Everything from the line with "Wind数据显示,当地时间1" to the line with "Vom 6. März" in the listing below, both lines included, needs to be copied exactly, apart from the pictures.
** Data in this exercise follows **
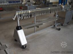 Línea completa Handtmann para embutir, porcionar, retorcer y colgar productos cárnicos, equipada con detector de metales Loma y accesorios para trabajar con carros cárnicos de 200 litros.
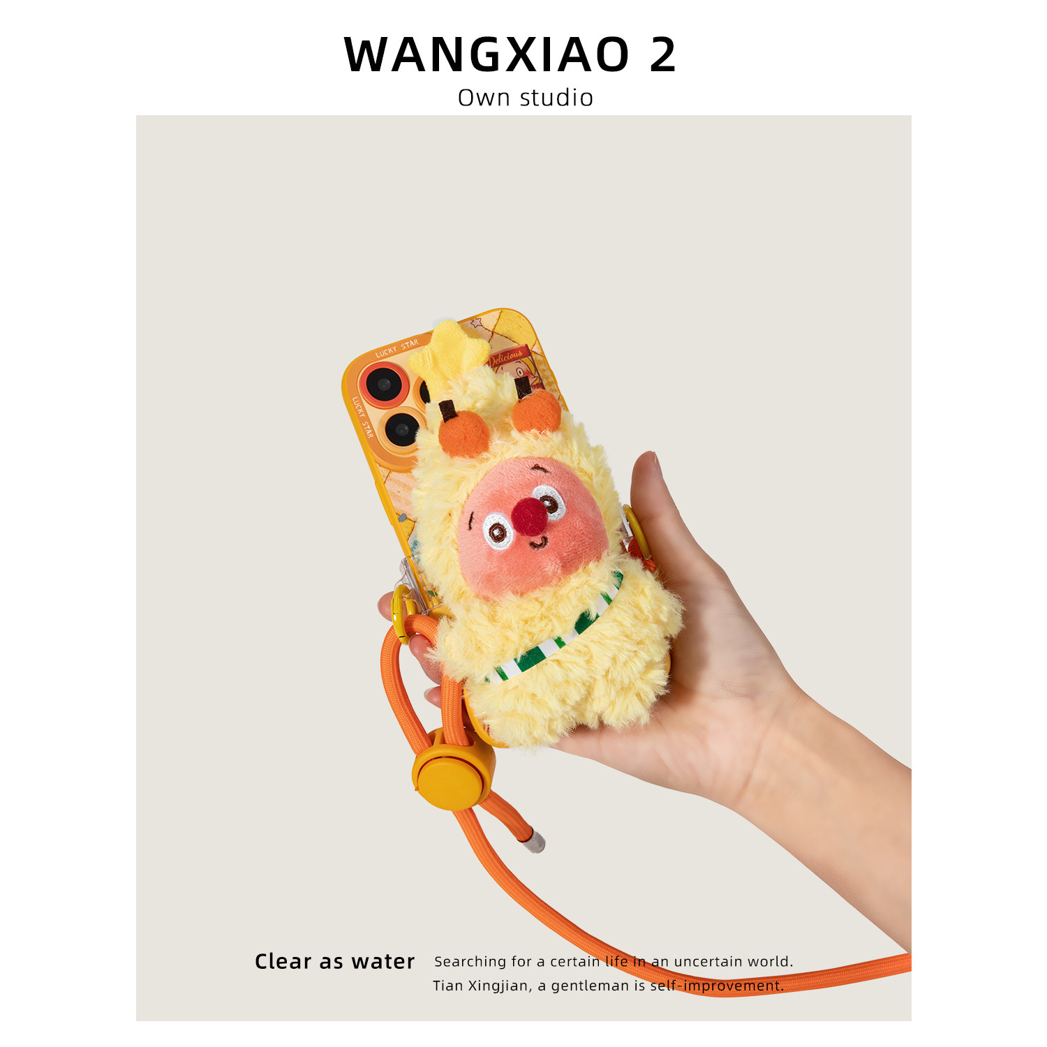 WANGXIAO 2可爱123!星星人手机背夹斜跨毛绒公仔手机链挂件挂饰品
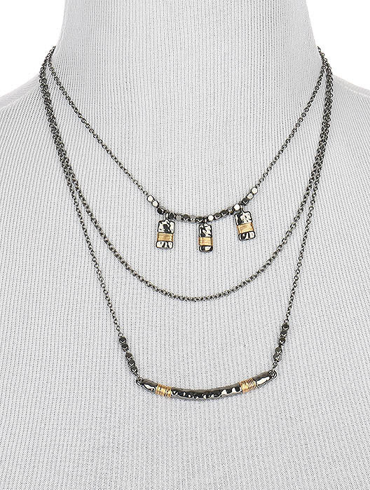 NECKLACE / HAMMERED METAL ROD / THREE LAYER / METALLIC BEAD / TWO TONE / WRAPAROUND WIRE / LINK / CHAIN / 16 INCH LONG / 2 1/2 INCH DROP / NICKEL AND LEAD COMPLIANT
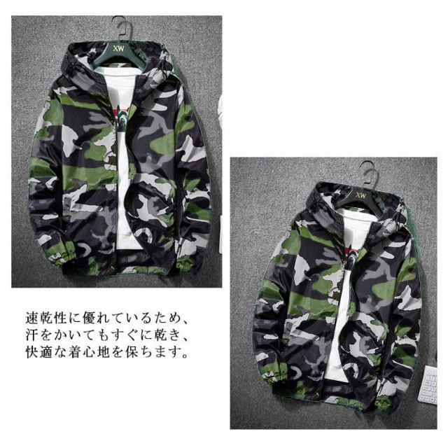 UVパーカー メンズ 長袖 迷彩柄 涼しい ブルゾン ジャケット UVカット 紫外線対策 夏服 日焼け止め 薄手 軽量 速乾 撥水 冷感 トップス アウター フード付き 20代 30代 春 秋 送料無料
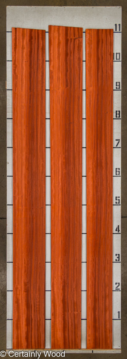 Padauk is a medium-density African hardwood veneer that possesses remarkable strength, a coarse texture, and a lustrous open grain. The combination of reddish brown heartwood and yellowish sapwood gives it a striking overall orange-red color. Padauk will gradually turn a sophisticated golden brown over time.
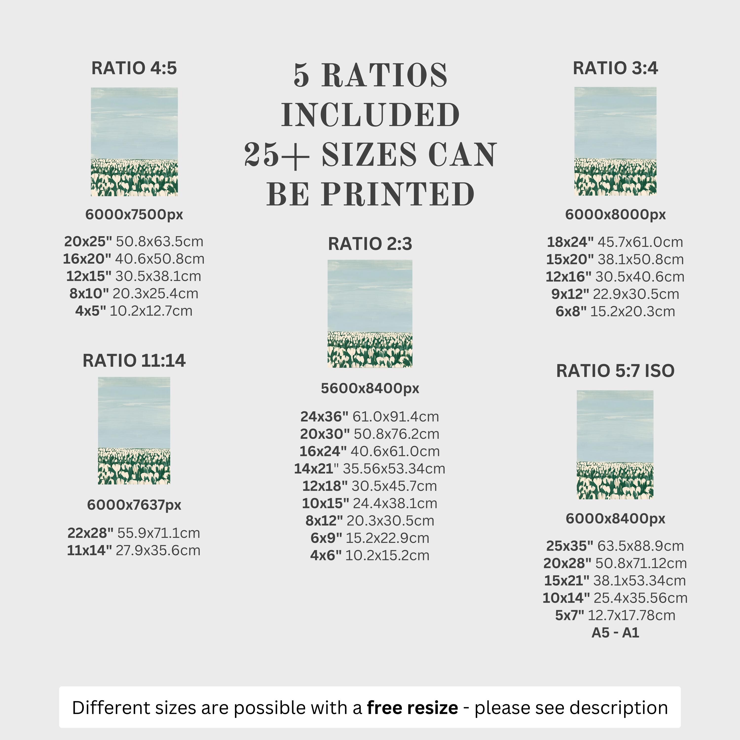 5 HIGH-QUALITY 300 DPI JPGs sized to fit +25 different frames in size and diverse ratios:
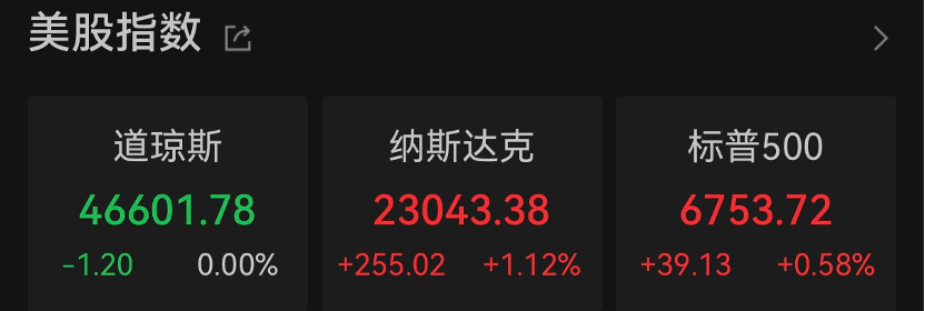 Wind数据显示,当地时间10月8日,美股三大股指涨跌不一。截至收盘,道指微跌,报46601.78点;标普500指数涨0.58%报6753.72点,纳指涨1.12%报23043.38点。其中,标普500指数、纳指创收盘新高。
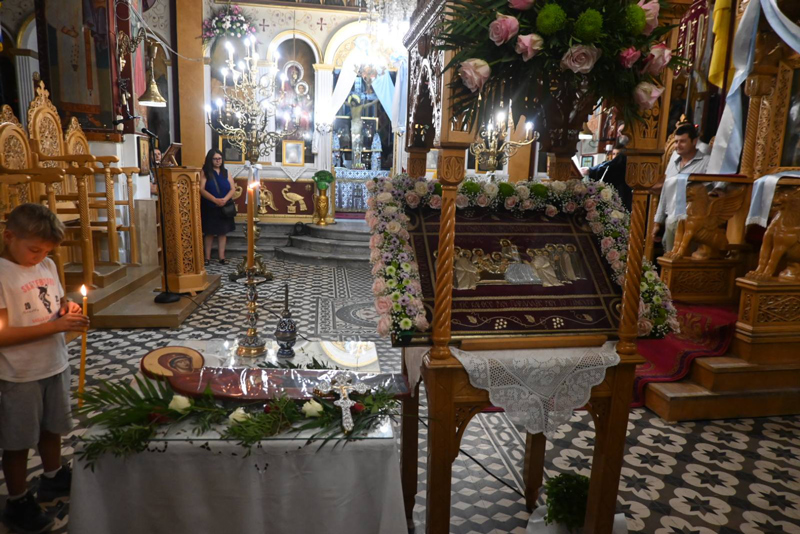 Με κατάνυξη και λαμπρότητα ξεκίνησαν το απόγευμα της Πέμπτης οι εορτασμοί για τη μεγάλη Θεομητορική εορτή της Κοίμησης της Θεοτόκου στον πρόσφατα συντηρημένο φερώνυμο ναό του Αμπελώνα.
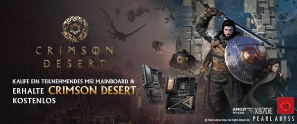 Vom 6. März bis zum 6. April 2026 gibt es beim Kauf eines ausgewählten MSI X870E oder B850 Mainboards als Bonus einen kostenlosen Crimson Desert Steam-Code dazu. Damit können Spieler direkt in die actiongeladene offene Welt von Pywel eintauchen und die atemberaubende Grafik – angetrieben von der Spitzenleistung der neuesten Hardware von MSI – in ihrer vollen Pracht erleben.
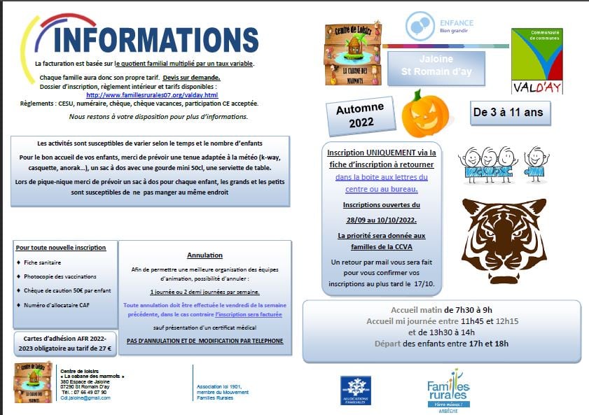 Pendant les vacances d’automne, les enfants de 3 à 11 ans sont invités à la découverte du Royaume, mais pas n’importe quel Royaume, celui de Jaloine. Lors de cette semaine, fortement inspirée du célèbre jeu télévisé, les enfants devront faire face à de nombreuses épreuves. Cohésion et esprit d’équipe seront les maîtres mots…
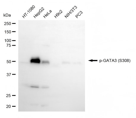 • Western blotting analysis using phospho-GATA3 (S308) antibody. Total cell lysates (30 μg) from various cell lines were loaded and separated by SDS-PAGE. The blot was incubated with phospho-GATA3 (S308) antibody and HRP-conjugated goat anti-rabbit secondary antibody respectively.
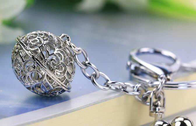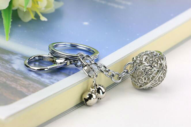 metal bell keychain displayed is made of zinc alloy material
** End of Data in this exercise **
** Data in this exercise follows **
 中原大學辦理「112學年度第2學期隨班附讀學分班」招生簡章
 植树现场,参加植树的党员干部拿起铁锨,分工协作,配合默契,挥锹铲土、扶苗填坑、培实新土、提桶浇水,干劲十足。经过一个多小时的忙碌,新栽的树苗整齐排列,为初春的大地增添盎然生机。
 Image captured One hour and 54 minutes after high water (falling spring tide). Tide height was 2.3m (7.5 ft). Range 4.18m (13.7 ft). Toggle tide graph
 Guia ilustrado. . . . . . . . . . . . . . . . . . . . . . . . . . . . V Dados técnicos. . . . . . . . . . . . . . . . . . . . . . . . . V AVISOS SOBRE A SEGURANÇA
** End of Data in this exercise **
** Data in this exercise follows **
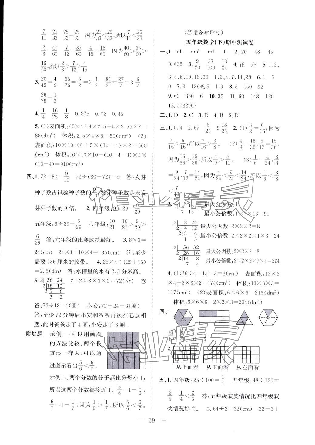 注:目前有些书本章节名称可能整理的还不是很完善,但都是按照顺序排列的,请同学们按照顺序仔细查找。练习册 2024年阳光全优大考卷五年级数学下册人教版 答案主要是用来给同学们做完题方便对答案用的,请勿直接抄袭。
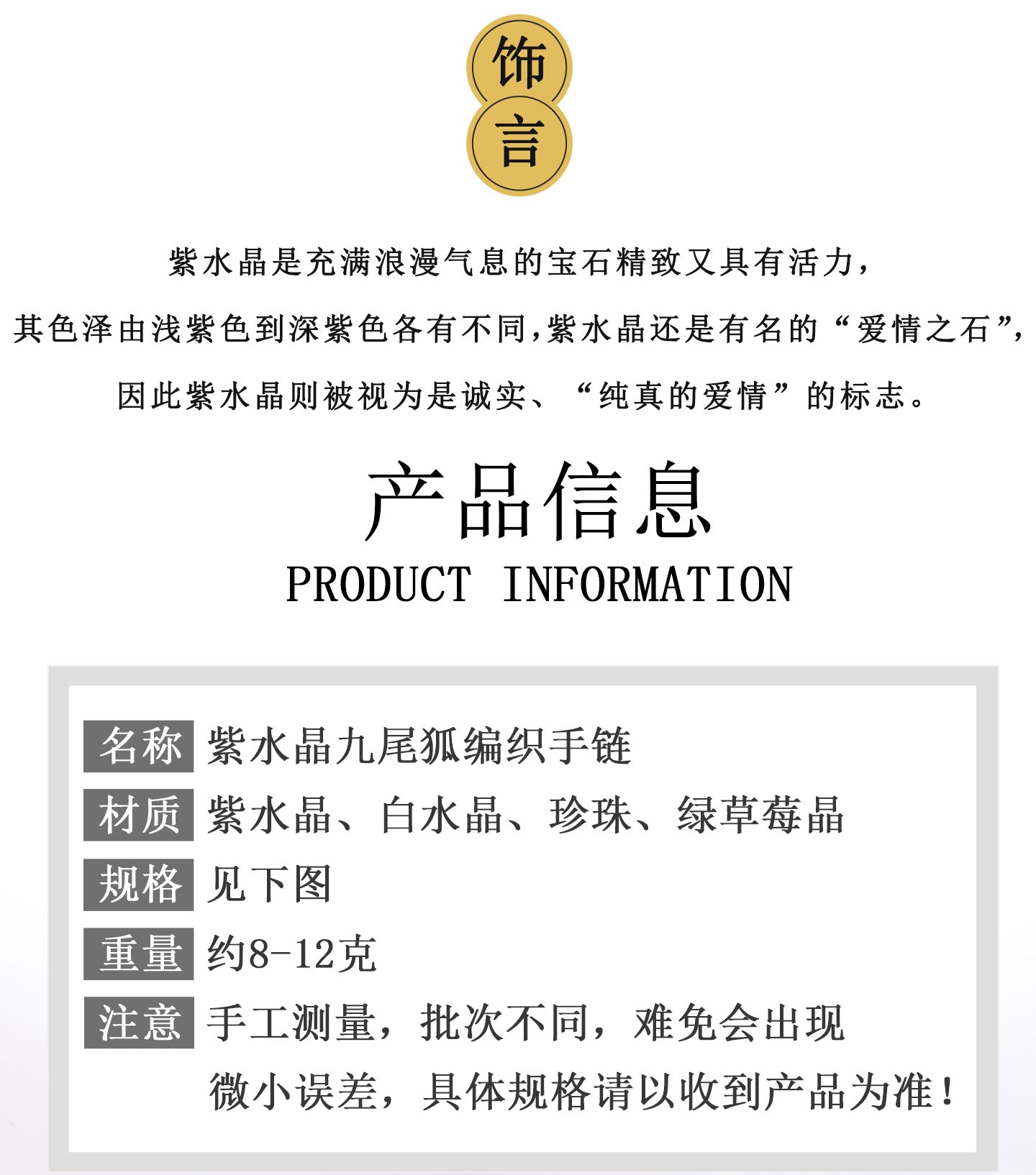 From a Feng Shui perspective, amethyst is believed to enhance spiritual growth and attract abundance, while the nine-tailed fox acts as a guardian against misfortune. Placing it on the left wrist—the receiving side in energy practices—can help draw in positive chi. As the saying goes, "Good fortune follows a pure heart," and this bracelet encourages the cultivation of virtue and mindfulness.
** End of Data in this exercise **
■ Result of this task ■
 Wind数据显示,当地时间10月8日,美股三大股指涨跌不一。截至收盘,道指微跌,报46601.78点;标普500指数涨0.58%报6753.72点,纳指涨1.12%报23043.38点。其中,标普500指数、纳指创收盘新高。
 Με κατάνυξη και λαμπρότητα ξεκίνησαν το απόγευμα της Πέμπτης οι εορτασμοί για τη μεγάλη Θεομητορική εορτή της Κοίμησης της Θεοτόκου στον πρόσφατα συντηρημένο φερώνυμο ναό του Αμπελώνα.
 Vom 6. März bis zum 6. April 2026 gibt es beim Kauf eines ausgewählten MSI X870E oder B850 Mainboards als Bonus einen kostenlosen Crimson Desert Steam-Code dazu. Damit können Spieler direkt in die actiongeladene offene Welt von Pywel eintauchen und die atemberaubende Grafik – angetrieben von der Spitzenleistung der neuesten Hardware von MSI – in ihrer vollen Pracht erleben.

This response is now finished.